I’m only peripherally aware of Gnostic beliefs, but I’ve never heard the ‘evil God’ idea in the little I’ve read of their doctrine. Is this a modern aberration or something that’s been attached to Gnostic Christianity from the beginning?
But Christian doctrine seems to suggest that not all, perhaps not even very much, of the evil we produce is consciously done. “Forgive them Father for they know not what they do.” I suspect psychology supports orthodoxy, we’re well known for creating subconscious excuses/reasons for the evil we commit. The fact that we create excuses suggests knowledge on subconscious levels of right-wrong differences that are largely blocked from full consciousness.
Most competition to survive and thrive–depending of course on how this would be defined–can be done without committing evil, again depending on how evil is defined. This proposition is questionable if not problematic.
A religion that posits an evil God but hopes that a better God exists–but calls itself “Christian”–sounds pretty screwed up, frankly. Doesn’t this just mean you’re an agnostic?

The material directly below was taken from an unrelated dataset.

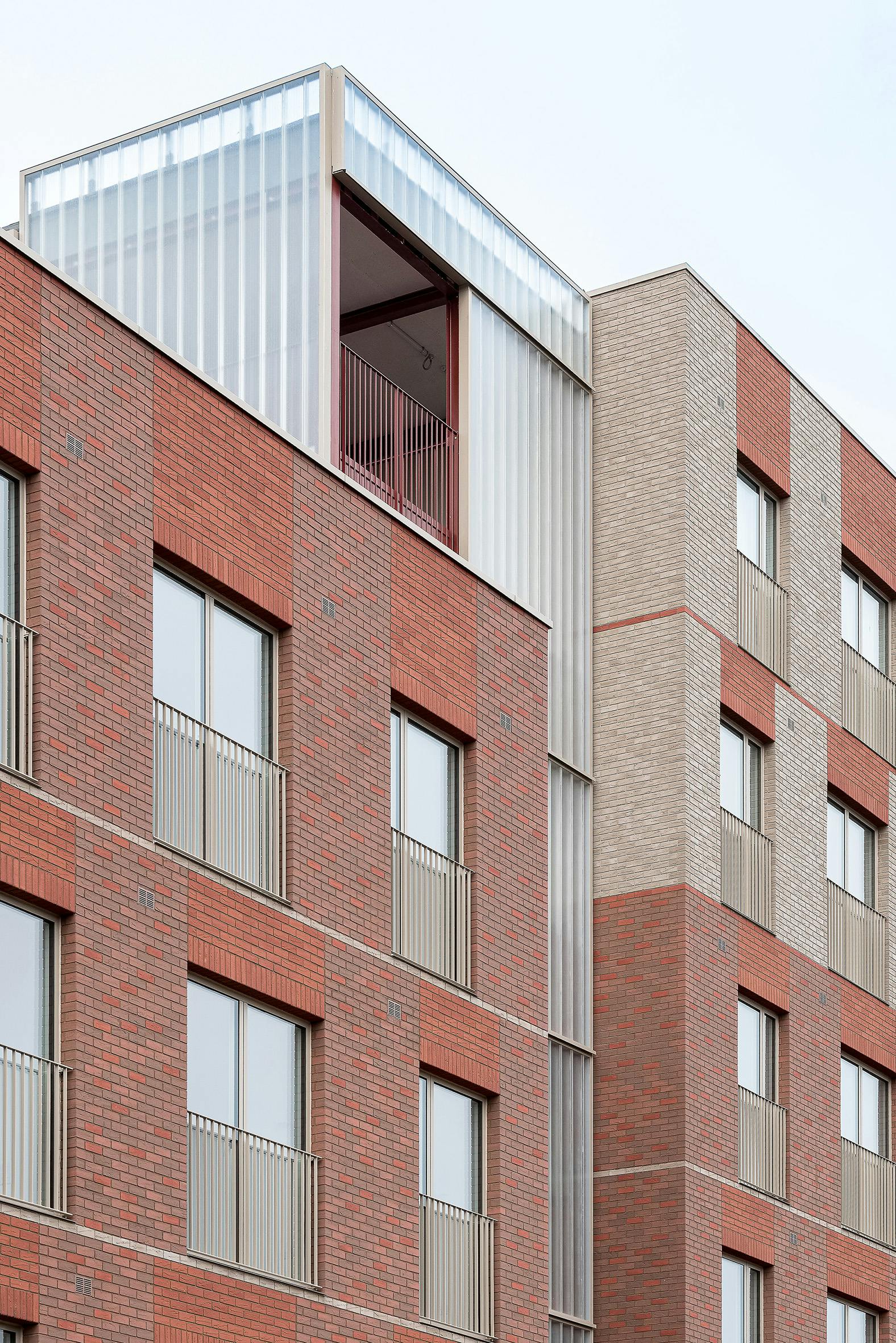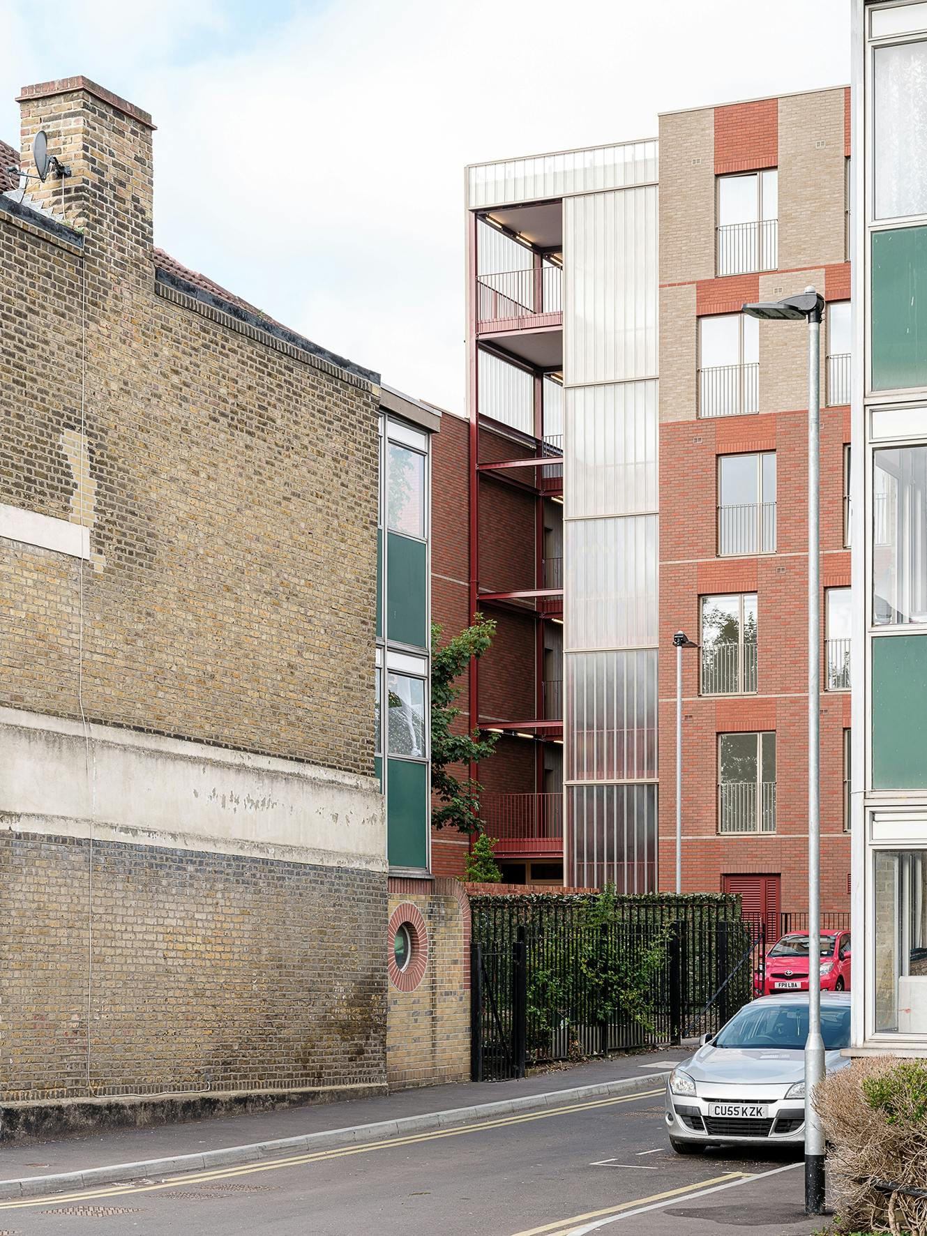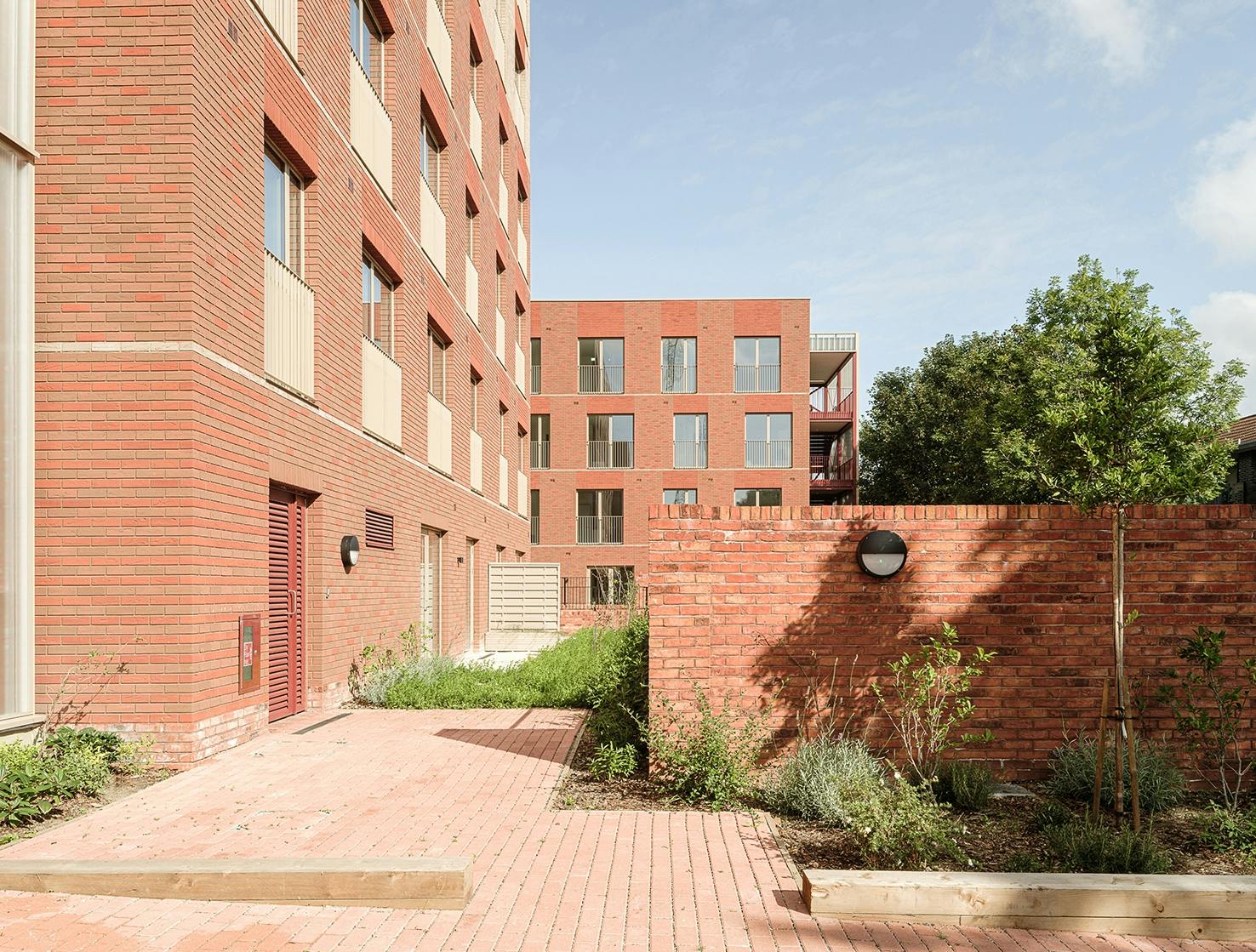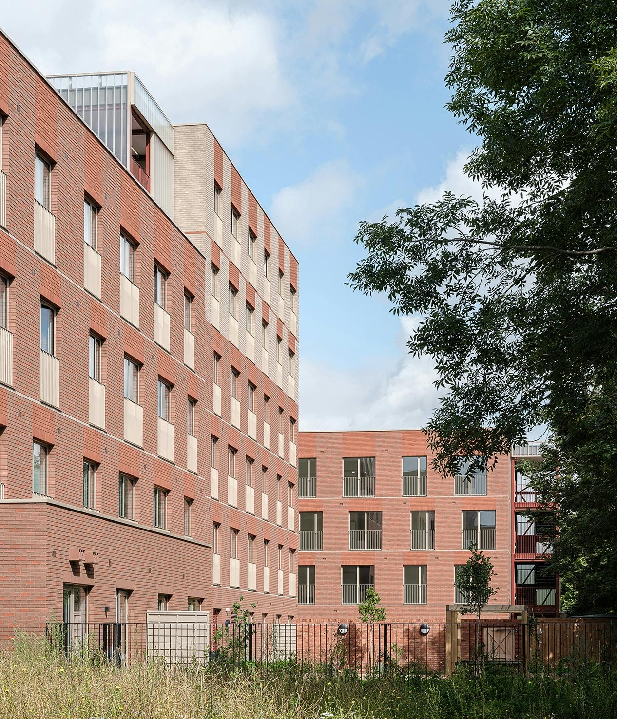 The structure of each of the new blocks has been pre-fabricated off-site to reduce disruption for neighbours. Warm brick colours tie in with those on other buildings in the area, including the Victorian waterworks opposite the site. At the ground floor, the brick base extends from the building to form garden walls and benches. A cast glass façade wraps around circulation spaces to contrast with the texture of the bricks and to allow light into and out of the staircases.

No. This doesn’t get past the logical stage to even make it to theology. I suggest that goods and evils are effects, not causes. Good derives from the true (truth is logically higher and prior to good according to at least Aquinas, maybe others) and evil from the false. Each possesses a dynamic that produces its effects. The power of truth is of organization, union, harmony, perfection [goods]. That of falsity is disorganization, opposition, discord, chaos [evils]. Left unchecked by truth, the false would run a course toward implosion, decimation and eternal death. If seems to follow that the idea of a primarily evil God and universe is incoherent. The Christian Universalist position–that existents are fragmentally falsified in a primarily true universe seems much more coherent. Well, it’s my position, anyway until the rest of Christian Universalists come to recognize it as a predominantly superior doctrine.